Comment 4 Venky Shankar 2014-06-25 15:13:21 UTC
This looks like a side effect of capturing mknod() even if it's an internal fop. I see these in the logs:

------------------------------------------------------------------------------
vshankar@h3ckers-pride ~/sos/slave/redmoon-2014061416251402743305/var/log/glusterfs/geo-replication-slaves
 % grep -r '539c1fb9%%S7NZ3IENGZ' *
4d739b65-cd7b-49f3-902a-439653061bc8:gluster%3A%2F%2F127.0.0.1%3Aslave.gluster.log:[2014-06-14 10:15:30.633623] W [client-rpc-fops.c:240:client3_3_mknod_cbk] 0-slave-client-8: remote operation failed: File exists. Path: <gfid:ef718d6a-1b4e-4b3a-9000-9262500b5b23>/539c1fb9%%S7NZ3IENGZ
4d739b65-cd7b-49f3-902a-439653061bc8:gluster%3A%2F%2F127.0.0.1%3Aslave.gluster.log:[2014-06-14 10:15:30.634099] W [client-rpc-fops.c:240:client3_3_mknod_cbk] 0-slave-client-9: remote operation failed: File exists. Path: <gfid:ef718d6a-1b4e-4b3a-9000-9262500b5b23>/539c1fb9%%S7NZ3IENGZ
4d739b65-cd7b-49f3-902a-439653061bc8:gluster%3A%2F%2F127.0.0.1%3Aslave.gluster.log:[2014-06-14 10:17:02.033865] W [client-rpc-fops.c:240:client3_3_mknod_cbk] 0-slave-client-8: remote operation failed: File exists. Path: <gfid:ef718d6a-1b4e-4b3a-9000-9262500b5b23>/539c1fb9%%S7NZ3IENGZ
4d739b65-cd7b-49f3-902a-439653061bc8:gluster%3A%2F%2F127.0.0.1%3Aslave.gluster.log:[2014-06-14 10:17:02.034364] W [client-rpc-fops.c:240:client3_3_mknod_cbk] 0-slave-client-9: remote operation failed: File exists. Path: <gfid:ef718d6a-1b4e-4b3a-9000-9262500b5b23>/539c1fb9%%S7NZ3IENGZ
------------------------------------------------------------------------------

File "539c1fb9%%S7NZ3IENGZ" is a hardlink but the slave logs shows as mknod(). Though this is a file exist case, the first mknod() would have been successful.

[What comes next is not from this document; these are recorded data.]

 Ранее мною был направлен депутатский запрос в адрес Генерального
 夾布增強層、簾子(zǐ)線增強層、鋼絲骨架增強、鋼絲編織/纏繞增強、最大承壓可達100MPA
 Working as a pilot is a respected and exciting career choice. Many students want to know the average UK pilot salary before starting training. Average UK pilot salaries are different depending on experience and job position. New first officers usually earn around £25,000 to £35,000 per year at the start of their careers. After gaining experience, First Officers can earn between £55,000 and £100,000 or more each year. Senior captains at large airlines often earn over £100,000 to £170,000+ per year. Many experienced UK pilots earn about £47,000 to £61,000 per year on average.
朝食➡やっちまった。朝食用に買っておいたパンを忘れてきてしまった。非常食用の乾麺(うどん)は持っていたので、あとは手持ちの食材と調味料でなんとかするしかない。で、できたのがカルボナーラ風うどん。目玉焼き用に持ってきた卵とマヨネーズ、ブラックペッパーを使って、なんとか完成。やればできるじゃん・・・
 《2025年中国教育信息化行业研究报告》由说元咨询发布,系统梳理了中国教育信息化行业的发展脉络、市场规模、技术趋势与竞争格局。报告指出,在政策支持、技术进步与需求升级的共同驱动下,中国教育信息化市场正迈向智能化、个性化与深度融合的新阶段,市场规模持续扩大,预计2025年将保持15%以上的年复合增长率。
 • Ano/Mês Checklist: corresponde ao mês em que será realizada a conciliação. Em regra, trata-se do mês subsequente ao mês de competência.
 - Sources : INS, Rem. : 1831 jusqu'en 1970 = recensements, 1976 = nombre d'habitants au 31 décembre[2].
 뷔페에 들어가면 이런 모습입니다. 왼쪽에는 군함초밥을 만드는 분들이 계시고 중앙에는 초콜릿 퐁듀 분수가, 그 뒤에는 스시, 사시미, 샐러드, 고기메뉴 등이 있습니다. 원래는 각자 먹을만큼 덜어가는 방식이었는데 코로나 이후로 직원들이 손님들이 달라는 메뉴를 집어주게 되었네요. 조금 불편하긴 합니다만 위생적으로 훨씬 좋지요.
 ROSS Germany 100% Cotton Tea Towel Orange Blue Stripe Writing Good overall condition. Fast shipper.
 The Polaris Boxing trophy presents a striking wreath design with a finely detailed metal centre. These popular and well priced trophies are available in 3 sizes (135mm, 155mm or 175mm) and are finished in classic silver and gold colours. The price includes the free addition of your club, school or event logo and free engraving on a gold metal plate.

Kotresh's patch to capture self-heal traffic ignores mknod() if it's an internal fop, thereby only the rename() call getting captured in changelog.

Comment 5 Vijaykumar Koppad 2014-06-25 15:16:34 UTC
I tried with the build glusterfs-3.6.0.22-1.el6rhs once, I was not able to hit it. I'll try some more runs with 22 and update.